| RECORDED INFORMATION |
--- START ---

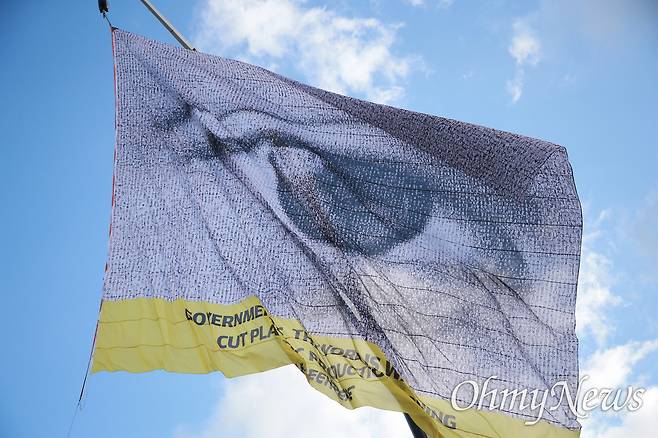 | ▲ [25일 월] 국제플라스틱협약 5차 정부간협상위원회가 부산 벡스코에서 열린 가운데 그린피스가 수영만요트경기장에 가로 30m, 세로 24m의 초대형 '감시의 눈' 깃발을 걸고 플라스틱 절감 대책을 촉구하고 있다. 이 깃발은 스위스 예술가 댄 아처와 협업한 것으로 '전 세계가 지켜보고 있다'는 뜻을 담아 전 세계 시민 6472명의 초상을 이용해 만들었다. |
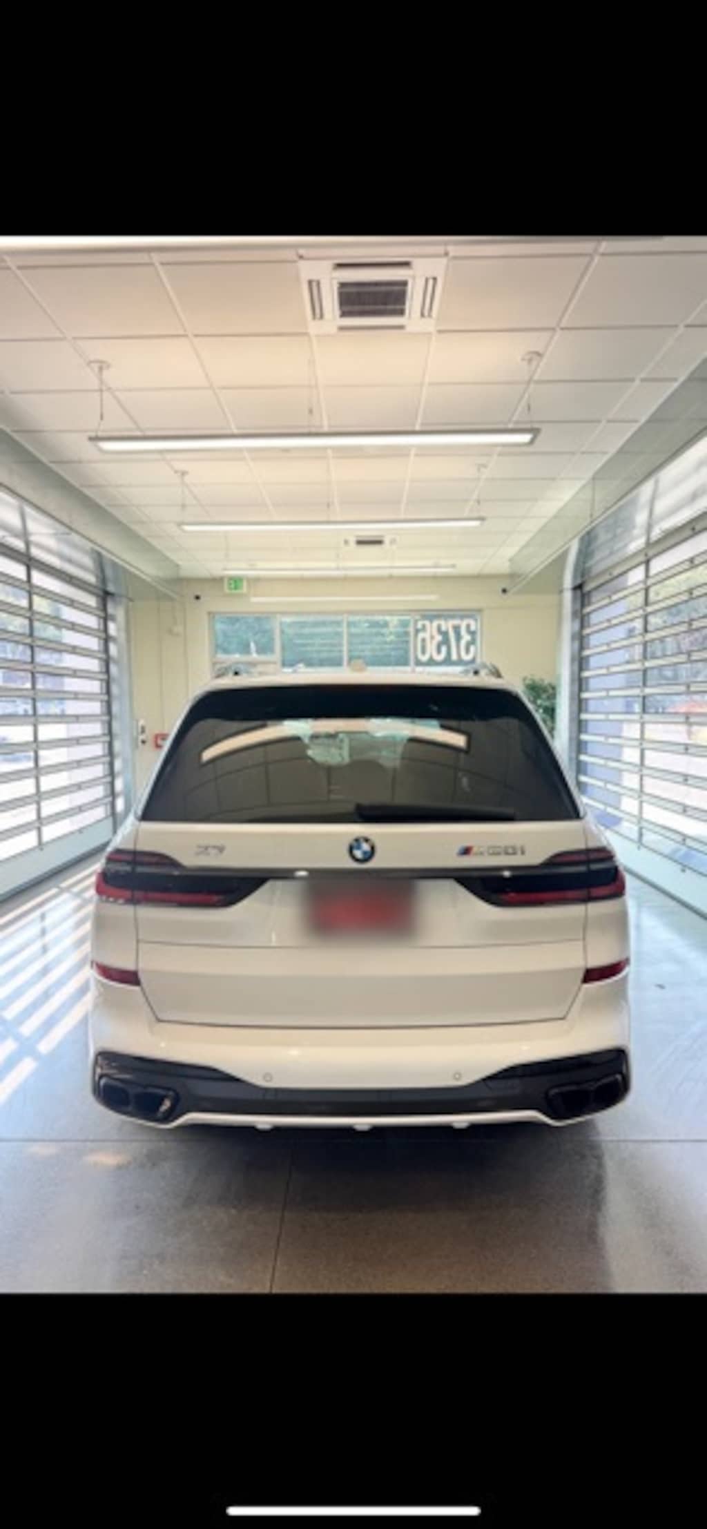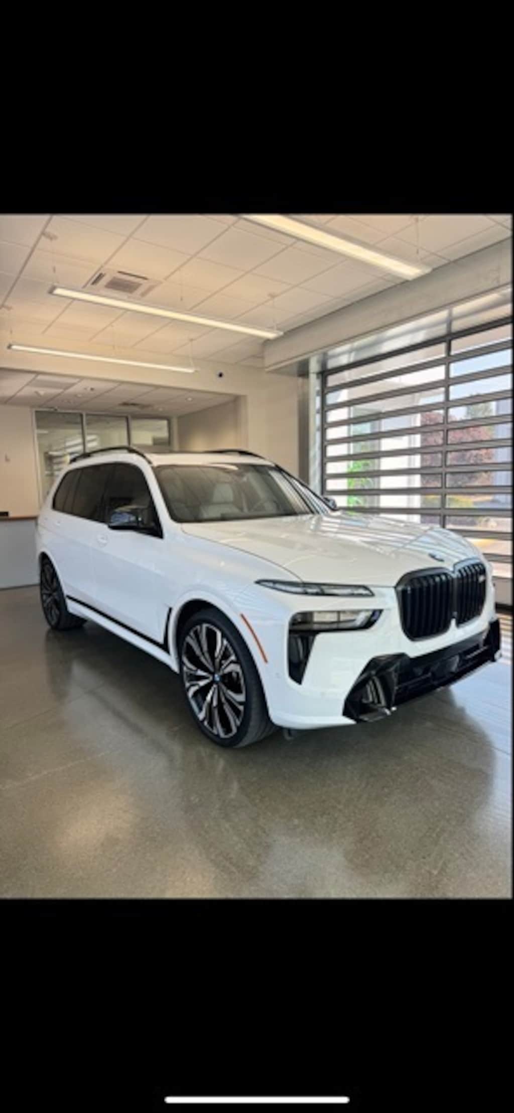 16 Speakers, 3.15 Axle Ratio, 3rd row seats: split-bench, 4-Wheel Disc Brakes, ABS brakes, Adaptive suspension, Air Conditioning, Alloy wheels, AM/FM radio: SiriusXM with 360L, AM/FM Stereo, Apple CarPlay & Android Auto Compatibility, Apple CarPlay Compatibility, Auto High-beam Headlights, Auto tilt-away steering wheel, Auto-dimming door mirrors, Auto-dimming Rear-View mirror, Auto-leveling suspension, Automatic temperature control, BMW Assist eCall, BMW TeleServices, Brake assist, Bumpers: body-color, Compass, Connected Package Pro, ConnectedDrive Services, Delay-off headlights, Door auto-latch, Driver door bin, Driver vanity mirror, Dual front impact airbags, Dual front side impact airbags, Electronic Stability Control, Emergency communication system: BMW Assist eCall, Extended Merino Leather Upholstery, Exterior Parking Camera Rear, Four wheel independent suspension, Front anti-roll bar, Front Bucket Seats, Front Center Armrest, Front dual zone A/C, Front reading lights, Fully automatic headlights, Garage door transmitter, Genuine wood console insert, Genuine wood dashboard insert, Genuine wood door panel insert, Gesture Control, harman/kardon Surround Sound System, harman/kardon® Speakers, Head restraints memory, Heads-Up Display, Heated door mirrors, Heated front seats, Heated Multi-Contour Seats, Heated steering wheel, Illuminated entry, Knee airbag, Leather steering wheel, Live Cockpit Pro, Low tire pressure warning, Memory seat, Navigation system: BMW Maps Navigation, Occupant sensing airbag, Outside temperature display, Overhead airbag, Panic alarm, Passenger door bin, Passenger vanity mirror, Personal eSIM 5G, Power adjustable front head restraints, Power door mirrors, Power driver seat, Power Front Seats, Power moonroof: Panorama, Power passenger seat, Power steering, Power windows, Radio data system, Rain sensing wipers, Rear air conditioning, Rear anti-roll bar, Rear dual zone A/C, Rear reading lights, Rear seat center armrest, Rear window defroster, Rear window wiper, Reclining 3rd row seat, Remote keyless entry, Security system, SiriusXM w/360L & 1 Year Platinum Plan Subscription, Speed control, Speed-sensing steering, Speed-Sensitive Wipers, Split folding rear seat, Spoiler, Sport steering wheel, Steering wheel memory, Steering wheel mounted audio controls, Tachometer, Telescoping steering wheel, Tilt steering wheel, Traction control, Trip computer, Turn signal indicator mirrors, Variably intermittent wipers, Wheels: 22" x 9.5" Fr & 22" x 10.5" Rr Double-Spoke, Wireless Charging Device. 2024 BMW X7 M60i White AWD 4.4L V8 DOHC 32V 8-Speed Automatic Sport
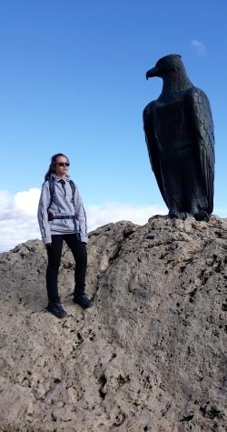 A fianco, Irene al Monumento in ricordo di Theodor Christomannos. Pioniere del Turismo Sudtirolese.

--- END ---

| PROBLEM DESCRIPTION |
Return all of the data exactly as written, and drop the pictures.

| RESULT OF THIS EXERCISE |
 | ▲ [25일 월] 국제플라스틱협약 5차 정부간협상위원회가 부산 벡스코에서 열린 가운데 그린피스가 수영만요트경기장에 가로 30m, 세로 24m의 초대형 '감시의 눈' 깃발을 걸고 플라스틱 절감 대책을 촉구하고 있다. 이 깃발은 스위스 예술가 댄 아처와 협업한 것으로 '전 세계가 지켜보고 있다'는 뜻을 담아 전 세계 시민 6472명의 초상을 이용해 만들었다. |
 16 Speakers, 3.15 Axle Ratio, 3rd row seats: split-bench, 4-Wheel Disc Brakes, ABS brakes, Adaptive suspension, Air Conditioning, Alloy wheels, AM/FM radio: SiriusXM with 360L, AM/FM Stereo, Apple CarPlay & Android Auto Compatibility, Apple CarPlay Compatibility, Auto High-beam Headlights, Auto tilt-away steering wheel, Auto-dimming door mirrors, Auto-dimming Rear-View mirror, Auto-leveling suspension, Automatic temperature control, BMW Assist eCall, BMW TeleServices, Brake assist, Bumpers: body-color, Compass, Connected Package Pro, ConnectedDrive Services, Delay-off headlights, Door auto-latch, Driver door bin, Driver vanity mirror, Dual front impact airbags, Dual front side impact airbags, Electronic Stability Control, Emergency communication system: BMW Assist eCall, Extended Merino Leather Upholstery, Exterior Parking Camera Rear, Four wheel independent suspension, Front anti-roll bar, Front Bucket Seats, Front Center Armrest, Front dual zone A/C, Front reading lights, Fully automatic headlights, Garage door transmitter, Genuine wood console insert, Genuine wood dashboard insert, Genuine wood door panel insert, Gesture Control, harman/kardon Surround Sound System, harman/kardon® Speakers, Head restraints memory, Heads-Up Display, Heated door mirrors, Heated front seats, Heated Multi-Contour Seats, Heated steering wheel, Illuminated entry, Knee airbag, Leather steering wheel, Live Cockpit Pro, Low tire pressure warning, Memory seat, Navigation system: BMW Maps Navigation, Occupant sensing airbag, Outside temperature display, Overhead airbag, Panic alarm, Passenger door bin, Passenger vanity mirror, Personal eSIM 5G, Power adjustable front head restraints, Power door mirrors, Power driver seat, Power Front Seats, Power moonroof: Panorama, Power passenger seat, Power steering, Power windows, Radio data system, Rain sensing wipers, Rear air conditioning, Rear anti-roll bar, Rear dual zone A/C, Rear reading lights, Rear seat center armrest, Rear window defroster, Rear window wiper, Reclining 3rd row seat, Remote keyless entry, Security system, SiriusXM w/360L & 1 Year Platinum Plan Subscription, Speed control, Speed-sensing steering, Speed-Sensitive Wipers, Split folding rear seat, Spoiler, Sport steering wheel, Steering wheel memory, Steering wheel mounted audio controls, Tachometer, Telescoping steering wheel, Tilt steering wheel, Traction control, Trip computer, Turn signal indicator mirrors, Variably intermittent wipers, Wheels: 22" x 9.5" Fr & 22" x 10.5" Rr Double-Spoke, Wireless Charging Device. 2024 BMW X7 M60i White AWD 4.4L V8 DOHC 32V 8-Speed Automatic Sport
 A fianco, Irene al Monumento in ricordo di Theodor Christomannos. Pioniere del Turismo Sudtirolese.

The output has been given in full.